St Patrick's Day has changed profoundly as a symbol of Ireland over the last 15 years or so, reflecting historic shifts within Irish society, among the Irish abroad and in their collective relations with the rest of the world's peoples.
Ireland is now one of the planet's most globalised and open societies, economically, culturally and politically, in contrast to the poorer, peripheral State emerging from the 1980s recession. The 70 million or so people who loosely identify themselves with this country are far more varied than we realised before, sharing a long history of migration.
St Patrick's religious role is newly venerated by Catholic and Protestant churches and better appreciated for his ability to graft old and new religious traditions together in a gradualist transformation of identities.
All the great symbols of national identity share such cultural plasticity and are capable of similar innovation. That is the genius of their broad scope, which normally has deep wellsprings of historical experience to draw upon. So it is with St Patrick. He retains his appeal in a more secular age, following imaginative reformulations of his religious role and an explosion of creative energy among the public events and parades. This reflects Ireland's successful rebranding of itself in a smaller world, drawing on symbolism and popular appeal that are the envy of other small states.
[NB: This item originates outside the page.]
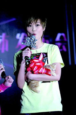 作為天娛掌門人,龍丹妮送上的禮物也最特別——一只剛出生不久的小貓咪。這個淘氣的小家伙長相酷似春春最愛的卡通角色加菲貓,李宇春當場為它取名“加菲”,還宣布要為它找一只“歐弟”。

Nowhere is this more evident than with the United States. Ireland's recent prosperity is intimately bound up with US investment, migration both ways, mutual ideological attraction, major shifts in the social structure of Irish-Americans - and with Washington's centrality in the Northern Ireland peace process. The annual Irish political pilgrimage there has come to be taken for granted as a glidepath towards its full implementation.
That has been sharply, and rightly, interrupted this year by the crisis in the peace process arising from the failure to reach agreement last December, the Northern Bank robbery and the strikingly courageous refusal of Robert McCartney's family to accept his murder by IRA activists. The time has come for Sinn Féin to part company from the IRA. The paramilitary organisation must disarm and disband if Sinn Féin is to continue its political role in alliance with other democratic parties. This is the blunt and memorable message being delivered at the highest levels in Washington on this St Patrick's Day.
Ireland's national saint was an immigrant to these shores, coming here first as a slave from Britain and returning later as a missionary who successfully converted the Irish to Christianity. A notable theme in the reconfiguration of his legacy has been Ireland's diasporic identity as a migratory nation. This makes it all the more reprehensible that 35 Nigerian nationals should have been deported, apparently summarily, on the eve of the national holiday. Such an unworthy betrayal of St Patrick's legacy should prompt a fight back against this callous policy.